EUShare:
Table of Content
Table of Content
CNC drilling is one of the first processes engineers learn, and one of the most misunderstood once a project gets complicated. A hole that looks easy to spec on paper can turn into a broken drill, a missed tolerance, or a part that fails assembly if the wrong details get overlooked.
This guide breaks down what actually happens between a CAD file and a finished hole, and what decisions matter most along the way.
What Is CNC Drilling?
CNC drilling is a machining process that uses a rotating drill bit to cut holes into a workpiece. The machine controls where the hole goes, how deep it cuts, and how fast the bit moves. All of this comes from a pre-written program. The operator does not touch the tool during cutting.
The program uses G-code. This tells the spindle speed, feed rate, and hole position before the machine starts. Once the cycle runs, every hole comes out the same. That consistency is the main reason manufacturers choose CNC drilling over manual methods.

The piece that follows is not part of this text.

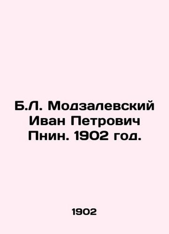 B.L. Modzalevsky Ivan Petrovich Pnin. 1902./B.L. Modzalevskiy Ivan Petrovich Pnin. 1902 god. I.N. Skorokhodovs typography. Biographical essay. From the Russian Biographical Dictionary. St. Petersburg, 1902. Ivan Petrovich Pnin (1773-1805) is a Russian poet and publicist, the primary representative of educational thought at the turn of the eighteenth and nineteenth centuries, associated with A. N. Radischevs entourage. Member (since 1802), President (since 1805) of the Free Society of Lovers of Literature, Sciences and Arts. We have thousands of titles and often several copies of each title may be available. Please feel free to contact us for a detailed description of the copies available. SKUbd-997e56736174f08.

Holes made by CNC drilling serve many purposes. Fasteners go through them. Pins sit in them. Fluid and air pass through them. In most machined parts, holes are not optional. They are designed in from the start, and they need to be in the right place every time.
How Does CNC Drilling Work?
CNC drilling follows a fixed sequence. The machine cannot make decisions mid-cut. Everything has to be defined before the spindle starts.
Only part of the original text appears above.